DIRECTIONS FOR THIS TASK:
Exclude the pictures and transcribe the rest of the data below exactly.

DATASET SECTION:

════════════════════

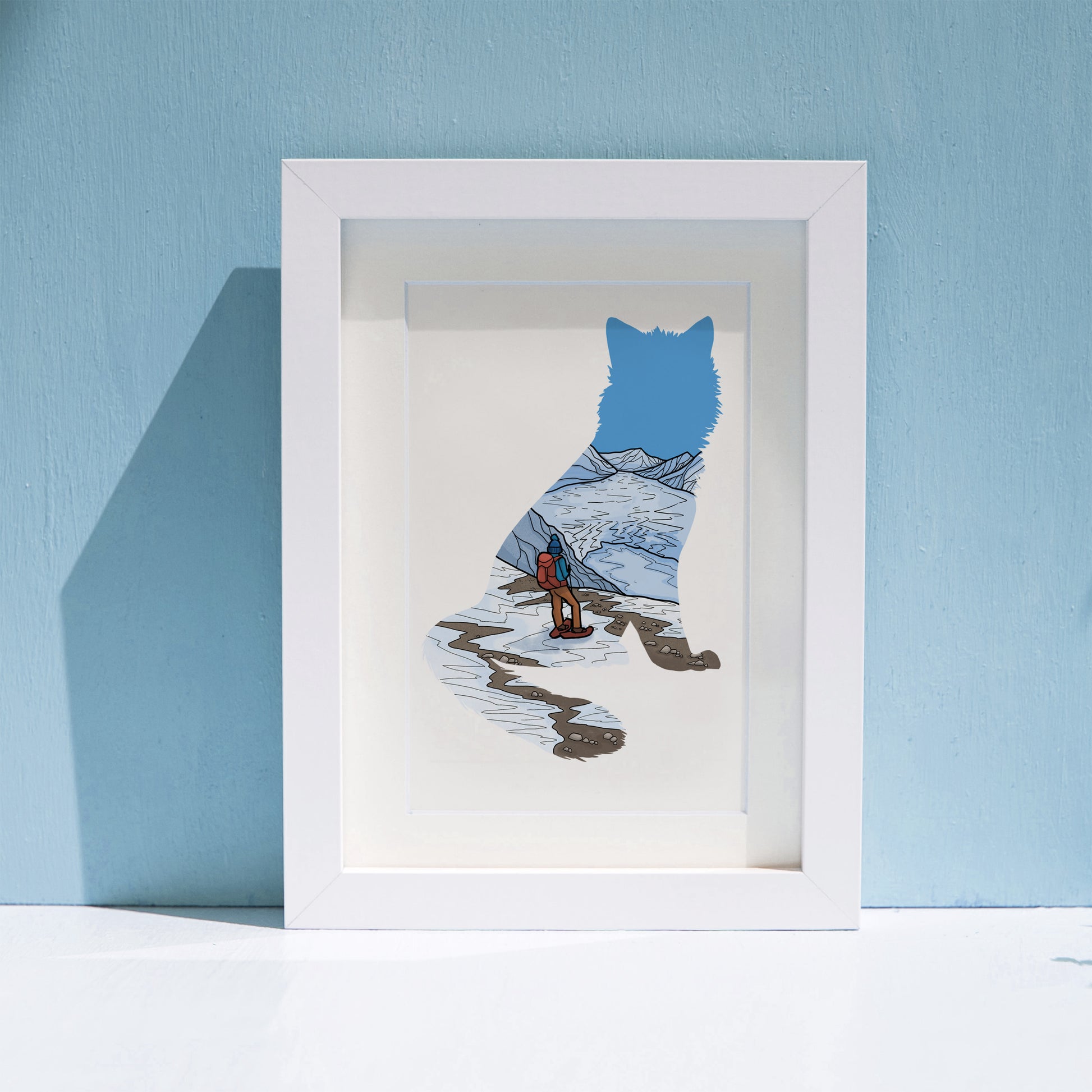 A woman snowshoes along the edge of a cliff overlooking a glacier, outlined in the shape of an arctic fox
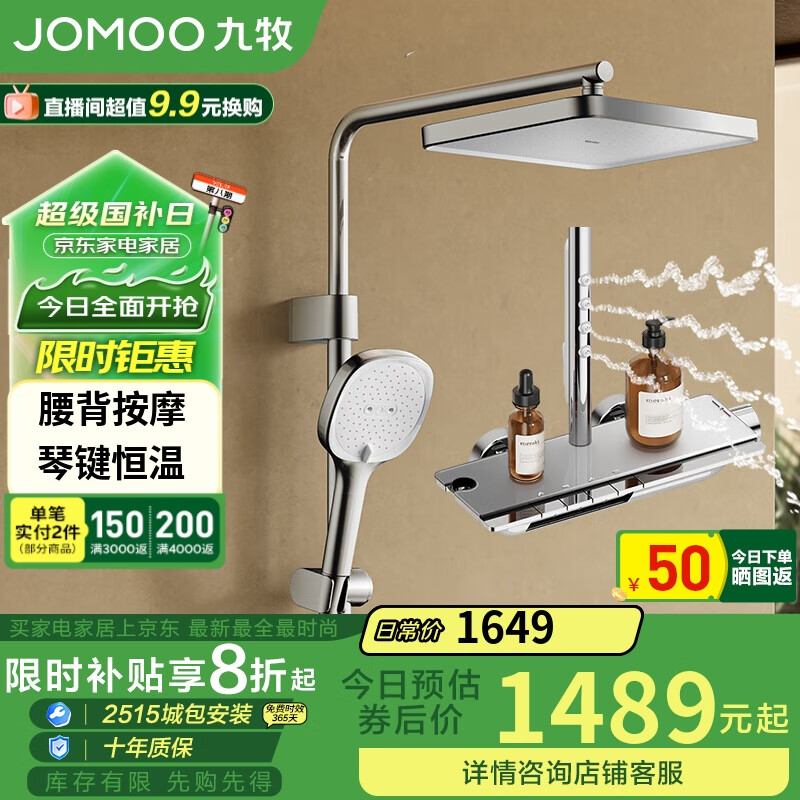 九牧(JOMOO)花洒淋浴套装钢琴键置物除垢喷枪恒温SPA淋浴器26192-695/1B-1价格:1649.00元!
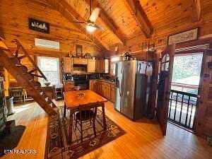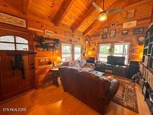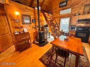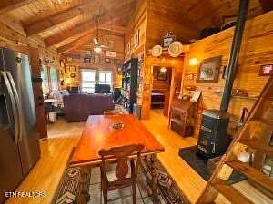 East TN Log Home nestled in the Appalachian Mountains with three sides of the property joining The Cherokee National Forest! Privacy and Tranquility abounds at this gated mountain retreat with beautiful mountain views and ''room to roam'' on 12.57 acres! Step inside this well built, green energy efficient Log Home into an open floor plan featuring 20' Cathedral ceilings throughout the home with beautiful tongue and groove ceilings and hand hued wooden beams! A loft overlooks the kitchen and dining area providing an area for additional storage with a custom crafted ladder for easy access. A warm and quaint 98% efficient wood burning stove adds comfort and ambiance to this TN mountain home while a 1.5 ton mini-split is available if needed. Home is wired with an automatic throw over switch should new homeowner choose to install solar panels. The kitchen features granite countertops, custom cabinetry, and nature views from every window! Sustainable bamboo flooring is throughout the home with tile flooring in the bathroom. New high efficiency windows were installed in 2025. Most of the furniture (excluding family room furniture) can remain including a massive bookcase which pivots to reveal a secret walk-in pantry! The great room is open to the kitchen/dining area and is positioned to take advantage of the gorgeous sunsets! With so much nature around, it beckons you to come outside and relax on the covered wrap around porch where you can sit back and enjoy the environment and the birds from the rocking chairs and porch swing or relax in the new (2024) 8 person hot tub tucked off to the side of the porch as you take in the most amazing sunsets East TN has to offer! The property has raised vegetable gardens, established perennial herbs, and an orchard which includes 6 apple trees, 3 blueberry bushes, 3 raspberry bushes, blackberry bushes, 10 grape vines, a fig tree, tart cherry tree, ever bearing strawberries, asparagus and 4 prize rose bushes are right off the front porch! Owner says the newer lawn mower can also remain and his tractor with box blade is negotiable. Out back, you will find a 14x20 workshop thoughtfully built with dimensional lumber for crafts and hobbies. Maybe transform this building into a tiny home?? This mountain home has a deep water well which the owner states is fantastic! The possibility exists for another home to be built on the property that would be located just up the hill from the existing home which has the most breathtaking mountain views! The POA annual dues provide maintenance for the private roads, ditches, and mowing throughout the year. Although you have the feeling of living ''off of the grid,'' you are just 15 minutes to the Hartford exit and another 5 minutes to Newport for shopping and dining. The Pigeon River and Big Creek are minutes from this property where you can take advantage of river rafting in the mountains! You are just minutes from the Appalachian Trail, Max Patch, and Hot Springs NC. You are less than an hour away from Dollywood, Pigeon Forge, Gatlinburg, and Douglas Lake for entertainment, shopping, and fine dining. Hunting is permissible in the Cherokee National Forest adjacent to this property. A large community pond is close by (not on this property) where the owner fishes and has caught large bass and bluegills. This mountain oasis awaits you! Come on Home to Tennessee! This community is gated for your privacy and convenience and has a property owners association (POA) to upkeep and protect your investment. All information is deemed reliable; however, buyers and buyer's agents are advised to verify all information as it was gathered from public records and owner.
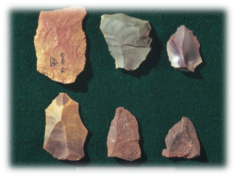 شکل. 1. منتخبی از ابزارآلات موستریانی (مربوط به انسآنهای نئاندرتال) از غار گروهام، گیبرالتر (جبل الطارق). اندازه کوچک و شیوه تراش مختص صنعت موستریانی، و ساخته نئاندرتال ها است. همچنین آنها از مواد خام گوناگونی تهیه شده اند، شامل سنگ چخماق (فلینت) و سنگ چخماق قرمز (ردچرت).

════════════════════

RESULT BELOW:
 A woman snowshoes along the edge of a cliff overlooking a glacier, outlined in the shape of an arctic fox
 九牧(JOMOO)花洒淋浴套装钢琴键置物除垢喷枪恒温SPA淋浴器26192-695/1B-1价格:1649.00元!
 East TN Log Home nestled in the Appalachian Mountains with three sides of the property joining The Cherokee National Forest! Privacy and Tranquility abounds at this gated mountain retreat with beautiful mountain views and ''room to roam'' on 12.57 acres! Step inside this well built, green energy efficient Log Home into an open floor plan featuring 20' Cathedral ceilings throughout the home with beautiful tongue and groove ceilings and hand hued wooden beams! A loft overlooks the kitchen and dining area providing an area for additional storage with a custom crafted ladder for easy access. A warm and quaint 98% efficient wood burning stove adds comfort and ambiance to this TN mountain home while a 1.5 ton mini-split is available if needed. Home is wired with an automatic throw over switch should new homeowner choose to install solar panels. The kitchen features granite countertops, custom cabinetry, and nature views from every window! Sustainable bamboo flooring is throughout the home with tile flooring in the bathroom. New high efficiency windows were installed in 2025. Most of the furniture (excluding family room furniture) can remain including a massive bookcase which pivots to reveal a secret walk-in pantry! The great room is open to the kitchen/dining area and is positioned to take advantage of the gorgeous sunsets! With so much nature around, it beckons you to come outside and relax on the covered wrap around porch where you can sit back and enjoy the environment and the birds from the rocking chairs and porch swing or relax in the new (2024) 8 person hot tub tucked off to the side of the porch as you take in the most amazing sunsets East TN has to offer! The property has raised vegetable gardens, established perennial herbs, and an orchard which includes 6 apple trees, 3 blueberry bushes, 3 raspberry bushes, blackberry bushes, 10 grape vines, a fig tree, tart cherry tree, ever bearing strawberries, asparagus and 4 prize rose bushes are right off the front porch! Owner says the newer lawn mower can also remain and his tractor with box blade is negotiable. Out back, you will find a 14x20 workshop thoughtfully built with dimensional lumber for crafts and hobbies. Maybe transform this building into a tiny home?? This mountain home has a deep water well which the owner states is fantastic! The possibility exists for another home to be built on the property that would be located just up the hill from the existing home which has the most breathtaking mountain views! The POA annual dues provide maintenance for the private roads, ditches, and mowing throughout the year. Although you have the feeling of living ''off of the grid,'' you are just 15 minutes to the Hartford exit and another 5 minutes to Newport for shopping and dining. The Pigeon River and Big Creek are minutes from this property where you can take advantage of river rafting in the mountains! You are just minutes from the Appalachian Trail, Max Patch, and Hot Springs NC. You are less than an hour away from Dollywood, Pigeon Forge, Gatlinburg, and Douglas Lake for entertainment, shopping, and fine dining. Hunting is permissible in the Cherokee National Forest adjacent to this property. A large community pond is close by (not on this property) where the owner fishes and has caught large bass and bluegills. This mountain oasis awaits you! Come on Home to Tennessee! This community is gated for your privacy and convenience and has a property owners association (POA) to upkeep and protect your investment. All information is deemed reliable; however, buyers and buyer's agents are advised to verify all information as it was gathered from public records and owner.
 شکل. 1. منتخبی از ابزارآلات موستریانی (مربوط به انسآنهای نئاندرتال) از غار گروهام، گیبرالتر (جبل الطارق). اندازه کوچک و شیوه تراش مختص صنعت موستریانی، و ساخته نئاندرتال ها است. همچنین آنها از مواد خام گوناگونی تهیه شده اند، شامل سنگ چخماق (فلینت) و سنگ چخماق قرمز (ردچرت).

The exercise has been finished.